┌─ Stored data

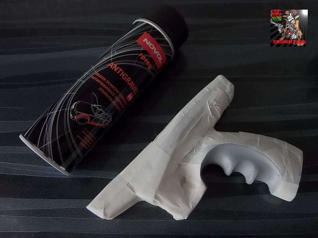 Как Вы видели на эскизе,в выемках под пальцы на рукояти была этакая пористость.Также были такие пористые элементы нарисованы и на боковинках.На рукоятке это планировалось сделать для того,чтобы при охвате её она была не скользкой,а на боковинках это был всего лишь антураж.Думалось сделать это выжигателем или приспособой для наколотки,которую давно сделал из большого болта с помощью трёхгранных надфилей.Но когда дошёл до этого этапа,решил-на боковинах эти "навороты" станут лишними.А вот с рукоятью решил действовать с риском запороть всю работу.Пришла на память идея применить для этого автомобильный антигравий.Только не тот,который ложится как краска ровным слоем,а мелкозернистый противоударный.Он как раз и должен был сослужить добрую службу.Конечно несколько стрёмно было работать с материалом,с которым в столярных идеях не сталкивался...В общем купил в том же автомагазине нужный антигравий."Гравекса" не было,но был "NOVOL-antigravel spray". Его и взял.Ложа была уже загрунтована,аккуратно оклеил по предусмотренной грани малярным скотчем,чтобы не загадить где-то ещё ложу,обернул скотчем и остальное:
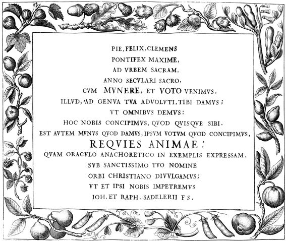 Description: This image comes from “Oraculum Anachoreticum,” dated 1600, bound with “Solitudo, sive, Vitae patrum eremicolarum”. This decorative page-border features various fruits and nuts.
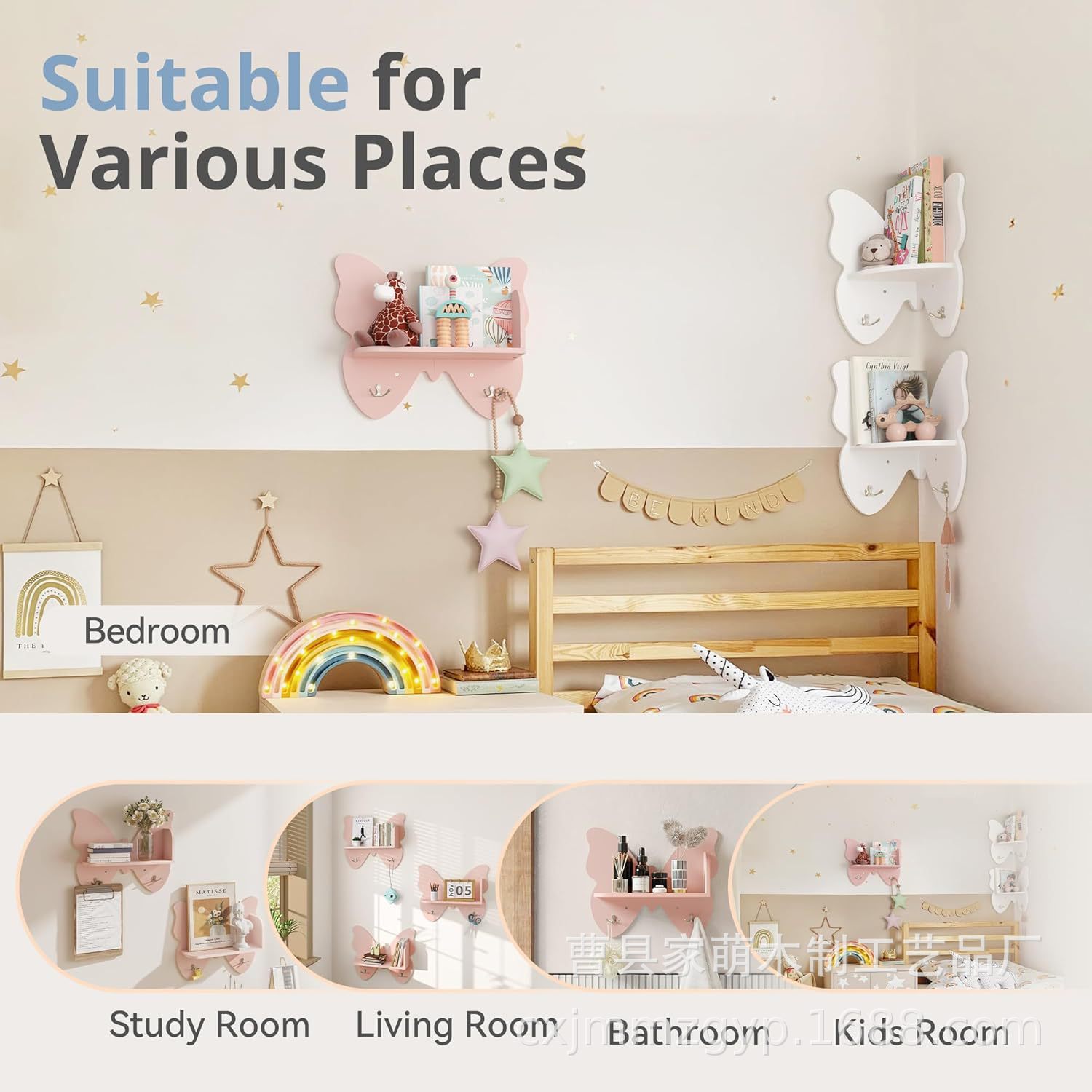 국경 간 새로운 벽 선반, 나비 벽걸이, 공주 방 장식 수납 선반, 벽걸이 장식 책장스토어 가기

└─

• Work to be completed: Nothing but the lines from the line containing "Description: This image" through the last line of the material may be output, and they must be copied exactly, without pictures.

• Result for this exercise:
 Description: This image comes from “Oraculum Anachoreticum,” dated 1600, bound with “Solitudo, sive, Vitae patrum eremicolarum”. This decorative page-border features various fruits and nuts.
 국경 간 새로운 벽 선반, 나비 벽걸이, 공주 방 장식 수납 선반, 벽걸이 장식 책장스토어 가기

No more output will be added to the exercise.